Where there's a will, there's a way, and Alderman Ricardo Gonzalez hailing from her home town of Aguada, noticed her, propositioned her, and called for her in a tricked out limo that escaped the New York City fleet rules, thanks to one colleague's passionate advocacy for Latino 'street culture'. Ada was unimpressed and undeterred. Let this greaseball have his way and I'll be on mine. The idiot Gonzalez liked to show off his women, and made her his aide-de-camp who accompanied him to City Hall and meetings of the City Council.
His mistake was that he badly underestimating the appeal of Ada and overestimated his own sexual influence; and so it was that Langford Alling Harper, representative from the Silk Stocking district of the city noticed her. Now, Harper, a handsome, well-to-do patrician whose family had been early settlers in Manhattan, wealthy Wall Street bankers, and one of New York society's perennial favorites, needed no paid comfort.
He had mistresses up and down Park Avenue; but like all men who are never sexually satisfied and are always on the lookout for new adventures and conquests, when he saw this beauty of copper and gold and burnished mahogany, he couldn't resist. He, like all men of a certain station, immured in a very staid and predictable life, wanted to taste life on the wild side.
Never having had to resort to commercial sex, the smarmy business of actually paying for it, he was rather naive when it came to Ada who knew him and what he was about from the very beginning. She would work on his side of the street first - flowers, simple jewelry, a touch of finery - then walk on hers. Cash payments, small bills, every month; and then to his side again, Vanguard account, offshore holdings, real estate deeds.

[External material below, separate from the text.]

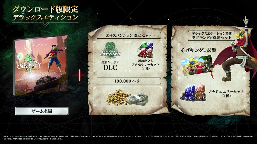 ※特典はすべてゲーム内アイテムです。※「追加シナリオDLC」と「超お役立ちアクセサリーセット」は2023年12月31日までに配信予定です。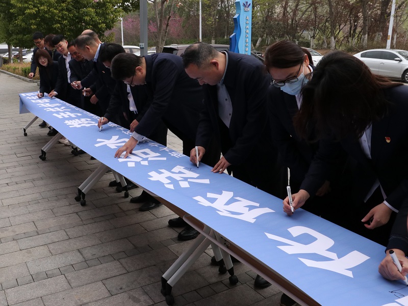 3月22日“世界水日”当天,徐州分公司在管理设施一楼举办主题活动签名启动仪式。全体员工在“强化依法治水携手共护母亲河”主题宣传横幅上郑重签下自己的名字,纷纷表示要从点滴做起,从身边事做起,珍惜水、节约水、爱护水,做保护水资源的践行者、传播者和示范者。

Harper, like Alderman Gonzalez before him, couldn't resist the temptation to bring Ada as his aide-de-camp to the yearly family financial roundup, bringing the New York Harpers, the cousins from Hawaii and the the distant aunts and uncles from Beacon Hill one of whom, Badger Farnsworth of Farnsworth & Farnsworth ship builders and international merchants who made their money from the Three-Cornered Trade (molasses, rum, and slaves) who took a particular shine to Ada.
'Give her a chair on the Board', said old Badger, 'give it some color'; and so it was that Ada became a member who sat quietly and respectfully at first, but who thanks to a canny but surprising insight into business affairs especially a recognition of the offshore potential of her recently devastated island of Puerto Rico (there is always money to be made from disaster), she became less of a pretty burnished mahogany face and more of a contributor, the rewards for which were significant.
Had anyone bothered to look, they might have been surprised at just how easy it had been for this barrio seamstress to have risen to high so quickly; but keeping their own counsel, they preferred not to know and take the lovely Miss Sanchez at face value. The older members wondered if she might backslide for a night or two and comfort them, but by then the circle had been closed, and there was no room for anything but money and the furthering of the interests of the family.
'What a great country', Ada remarked to a friend she hosted at the Russian Tea House; but the friend, diffident and unimpressed thanks to her breeding and longstanding renown as a daughter of one of New York's first families, only smiled. Ada knew the look and smiled back. The door to the magnificent life of America was easy to open if you knew the right combination.